BEGIN Supplied information
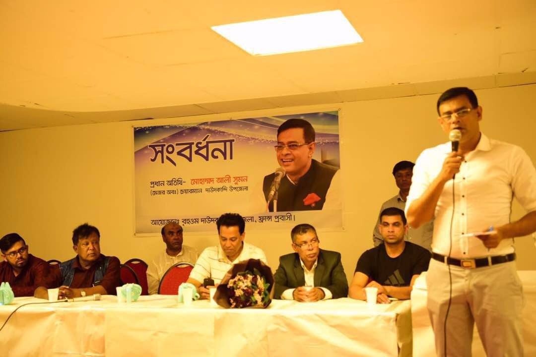 কুমিল্লা জেলার শ্রেষ্ঠ উপজেলা চেয়ারম্যান নির্বাচিত হওয়ায় ফ্রান্স এর রাজধানী প্যারিসে গণপ্রজাতন্ত্রী বাংলাদেশ সরকারের প্রতিরক্ষা মন্ত্রণালয় সম্পর্কিত সংসদীয় স্থায়ী কমিটির সভাপতি মেজর জেনারেল (অব:) মো: সুবিদ আলী ভূঁইয়া এমপি মহোদয়ের জেষ্ঠ্য সন্তান ও দাউদকান্দি উপজেলা পরিষদের চেয়ারম্যান মেজর মোহাম্মদ আলী (অব:) কে সংবর্ধনা দিয়েছে বৃহত্তর দাউদকান্দি উপজেলার ফ্রান্স প্রবাসীরা।
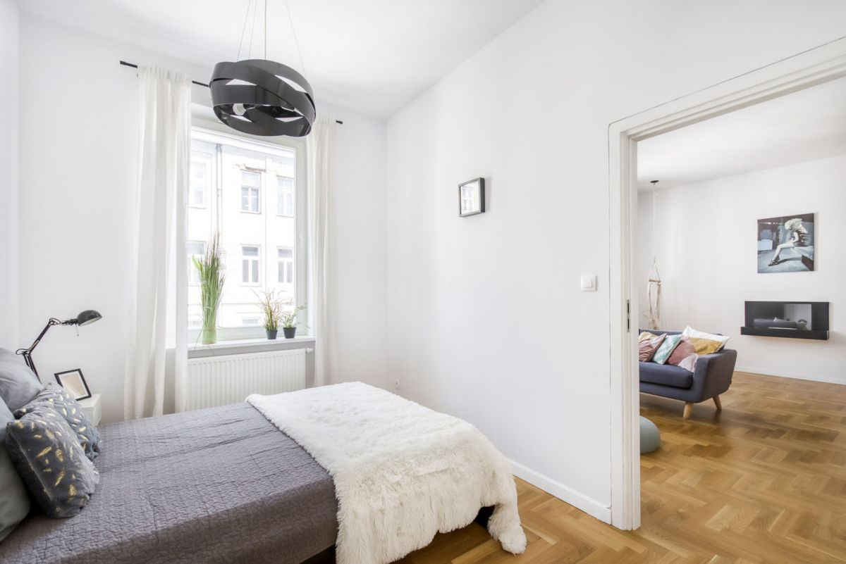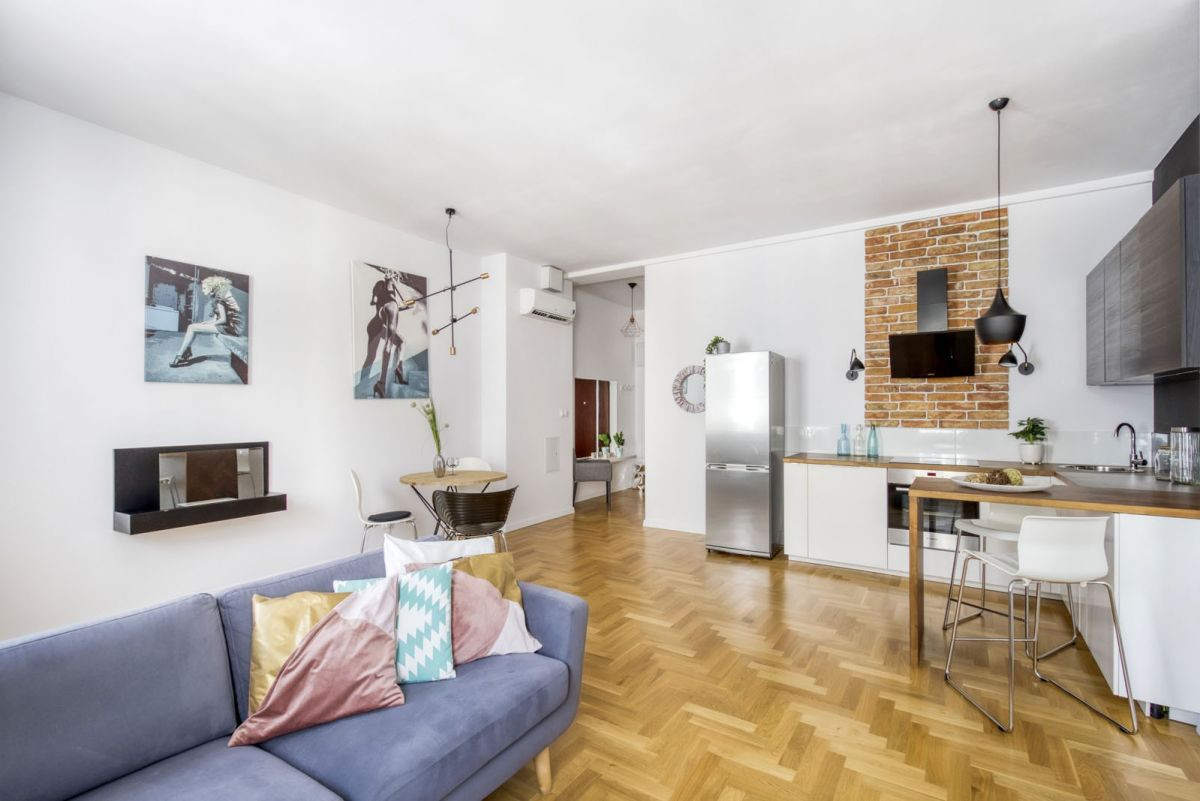 Funkcjonalny rozkład na 56 mkw powierzchni, na którym znajduje się salon z wyposażonym aneksem kuchennym, sypialnia z przestronną garderobą, łazienka z wanną i funkcją prysznica. Mieszkanie położone na trzecim piętrze w przedwojennej, zrewitalizowanej kamienicy. Wysoki standard wykończenia, czyli m.in.: nowy parkiet, nowe drewniane okna, klimatyzacja.
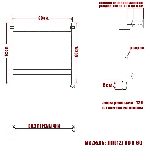 Полотенцесушитель Электрический Ника CLASSIC 600х630 хром (ЛП Г2 60/60 прав)
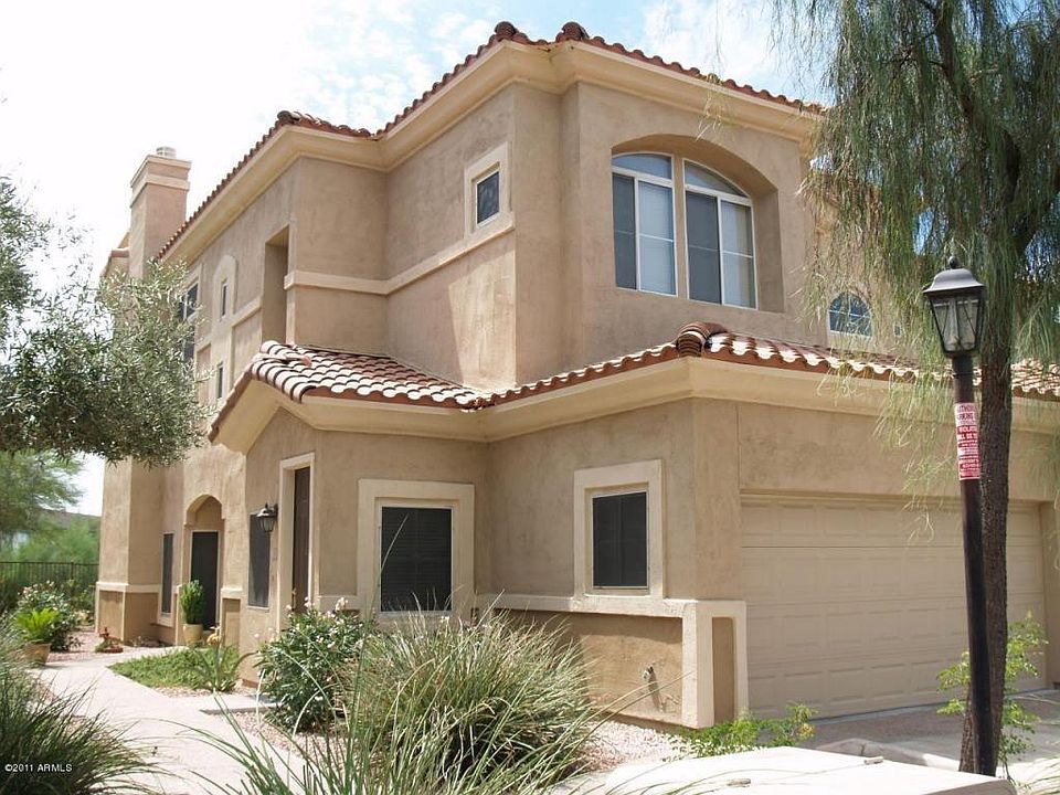 Short Term Rental Available for the Summer! Available until Sept 30th. Enjoy an amazing view of the TPC Champions Course while sipping your coffee on the covered upper-level balcony while viewing the mountain sunrise. You are a chip shot away from the beautiful 9th green of the Champions Course at the TPC! This custom-decorated, 3 bedroom, 2 bathroom condo is in the heart of one of the most sought-after areas in North Scottsdale. Located in the Montana Del Sol complex, this gated community boasts the best location, within walking distance, to all the action of the Waste Management Phoenix Open. A large private community pool and spa tub, BBQ area and covered cabana compliment your comfortable and luxurious accommodations on the second floor. The unit features granite counters, stainless steel appliances, fireplace, entertainment center, full size washer and dryer, large master bedroom with TV, walk in closet and double sink ensuite. All linens and toweling supplied. There is a single car garage for private entry. Montana Del Sol is in the center of all the best attractions Scottsdale has to offer, shopping, restaurants, entertainment, golfing and more. Easy access on and off the 101 loop freeway to access sporting venues for NFL, NBA, NHL, and MLB games and all that the Greater Phoenix area has to offer. FEATURES 14' ceilings throughout, southern exposure, ceiling fans, spacious open floor plan, views of golf course, water and mountains, intercom system, professionally decorated, washer/dryer, full guest bathroom, double garage, covered balcony and convenient location. Two blocks from the 101 freeway and just 20 minutes from Sky Harbor Airport. GOURMET KITCHEN is very large and fully equipped. New under cabinet lights. Granite countertops with ample cabinets for your entertaining needs. Gather in the dining room, view the golf course and mountains. GREAT ROOM is light, bright and spacious with a wall of windows looking out to the balcony. New 42' Plazma TV with HD cable. Fireplace, ceiling fan, DVD, CD player, sound system with universal remote for convenience. MASTER SUITE has a king bed and more views of the golf course, newly updated with warm colors and decor. New 42' TV with cable and remote. MASTER BATH has separate shower, double sinks, his and hers walk in closets with shelving. Updated colors and decor. SECOND BEDROOM has queen bed, walk-in closet, TV with cable, steps away from the powder bathroom. POWDER ROOM has a full shower/tub with updated color and decor. Next to guest bedroom for convenience. THIRD BEDROOM has queen bed AND steps away from the powder bathroom. Additional seating for relaxing. LUXURIOUS POOL is heated and only steps away. Enjoy the BBQ facilities, spa and covered cabana. UPDATES include warm paint colors throughout, 42' Plazma TV in living room and master bedroom, office prinert and WIFi, kitchen under cabinet lights, HD cable, dining room furniture, lighting and universal remote for convenience. GOLF the best courses in the Scottsdale. Just minutes away: ~ Tournament Players Club (0.5 mile) ~ Grayhawk Golf Club (3.2 miles) ~ Kierland Golf Club (3.8 miles) ~ Sanctuary Golf Club (4.9 miles) ~ Scottsdale Country Club (4.9 miles) ~ McCormick Ranch Golf Club (8 miles) ~ Talking Stick Golf Club (9.3 miles) ~ Troon North Golf Club (11 miles) ~ The Boulders (12 miles) ~ The Phoenician (12 miles) ~ Legend Trail Golf Club (13 miles) ~ We-Ko-Pa Golf Club (16 miles) SHOPPING ~ Kierland Commons (3.2 miles) ~ Mercado del Lago Mall (7.7 miles) ~ Paradise Valley Mall (7.8 miles) ~ The Pavilions (8.4 miles) ~ Scottsdale Fashion Square (11 miles) RESTAURANTS/NIGHT CLUBS ~ Mastro's Ocean Club ~ Mastro's Steak House ~ Sassi ~ Carraba's ~ Cheesecake Factory ~ Blue Martini $2100 + utilities ($450 per month)
END Supplied information
**What you will do:** Apart from the pictures, the whole listing should be reproduced exactly.

**Response to the task:**
 কুমিল্লা জেলার শ্রেষ্ঠ উপজেলা চেয়ারম্যান নির্বাচিত হওয়ায় ফ্রান্স এর রাজধানী প্যারিসে গণপ্রজাতন্ত্রী বাংলাদেশ সরকারের প্রতিরক্ষা মন্ত্রণালয় সম্পর্কিত সংসদীয় স্থায়ী কমিটির সভাপতি মেজর জেনারেল (অব:) মো: সুবিদ আলী ভূঁইয়া এমপি মহোদয়ের জেষ্ঠ্য সন্তান ও দাউদকান্দি উপজেলা পরিষদের চেয়ারম্যান মেজর মোহাম্মদ আলী (অব:) কে সংবর্ধনা দিয়েছে বৃহত্তর দাউদকান্দি উপজেলার ফ্রান্স প্রবাসীরা।
 Funkcjonalny rozkład na 56 mkw powierzchni, na którym znajduje się salon z wyposażonym aneksem kuchennym, sypialnia z przestronną garderobą, łazienka z wanną i funkcją prysznica. Mieszkanie położone na trzecim piętrze w przedwojennej, zrewitalizowanej kamienicy. Wysoki standard wykończenia, czyli m.in.: nowy parkiet, nowe drewniane okna, klimatyzacja.
 Полотенцесушитель Электрический Ника CLASSIC 600х630 хром (ЛП Г2 60/60 прав)
 Short Term Rental Available for the Summer! Available until Sept 30th. Enjoy an amazing view of the TPC Champions Course while sipping your coffee on the covered upper-level balcony while viewing the mountain sunrise. You are a chip shot away from the beautiful 9th green of the Champions Course at the TPC! This custom-decorated, 3 bedroom, 2 bathroom condo is in the heart of one of the most sought-after areas in North Scottsdale. Located in the Montana Del Sol complex, this gated community boasts the best location, within walking distance, to all the action of the Waste Management Phoenix Open. A large private community pool and spa tub, BBQ area and covered cabana compliment your comfortable and luxurious accommodations on the second floor. The unit features granite counters, stainless steel appliances, fireplace, entertainment center, full size washer and dryer, large master bedroom with TV, walk in closet and double sink ensuite. All linens and toweling supplied. There is a single car garage for private entry. Montana Del Sol is in the center of all the best attractions Scottsdale has to offer, shopping, restaurants, entertainment, golfing and more. Easy access on and off the 101 loop freeway to access sporting venues for NFL, NBA, NHL, and MLB games and all that the Greater Phoenix area has to offer. FEATURES 14' ceilings throughout, southern exposure, ceiling fans, spacious open floor plan, views of golf course, water and mountains, intercom system, professionally decorated, washer/dryer, full guest bathroom, double garage, covered balcony and convenient location. Two blocks from the 101 freeway and just 20 minutes from Sky Harbor Airport. GOURMET KITCHEN is very large and fully equipped. New under cabinet lights. Granite countertops with ample cabinets for your entertaining needs. Gather in the dining room, view the golf course and mountains. GREAT ROOM is light, bright and spacious with a wall of windows looking out to the balcony. New 42' Plazma TV with HD cable. Fireplace, ceiling fan, DVD, CD player, sound system with universal remote for convenience. MASTER SUITE has a king bed and more views of the golf course, newly updated with warm colors and decor. New 42' TV with cable and remote. MASTER BATH has separate shower, double sinks, his and hers walk in closets with shelving. Updated colors and decor. SECOND BEDROOM has queen bed, walk-in closet, TV with cable, steps away from the powder bathroom. POWDER ROOM has a full shower/tub with updated color and decor. Next to guest bedroom for convenience. THIRD BEDROOM has queen bed AND steps away from the powder bathroom. Additional seating for relaxing. LUXURIOUS POOL is heated and only steps away. Enjoy the BBQ facilities, spa and covered cabana. UPDATES include warm paint colors throughout, 42' Plazma TV in living room and master bedroom, office prinert and WIFi, kitchen under cabinet lights, HD cable, dining room furniture, lighting and universal remote for convenience. GOLF the best courses in the Scottsdale. Just minutes away: ~ Tournament Players Club (0.5 mile) ~ Grayhawk Golf Club (3.2 miles) ~ Kierland Golf Club (3.8 miles) ~ Sanctuary Golf Club (4.9 miles) ~ Scottsdale Country Club (4.9 miles) ~ McCormick Ranch Golf Club (8 miles) ~ Talking Stick Golf Club (9.3 miles) ~ Troon North Golf Club (11 miles) ~ The Boulders (12 miles) ~ The Phoenician (12 miles) ~ Legend Trail Golf Club (13 miles) ~ We-Ko-Pa Golf Club (16 miles) SHOPPING ~ Kierland Commons (3.2 miles) ~ Mercado del Lago Mall (7.7 miles) ~ Paradise Valley Mall (7.8 miles) ~ The Pavilions (8.4 miles) ~ Scottsdale Fashion Square (11 miles) RESTAURANTS/NIGHT CLUBS ~ Mastro's Ocean Club ~ Mastro's Steak House ~ Sassi ~ Carraba's ~ Cheesecake Factory ~ Blue Martini $2100 + utilities ($450 per month)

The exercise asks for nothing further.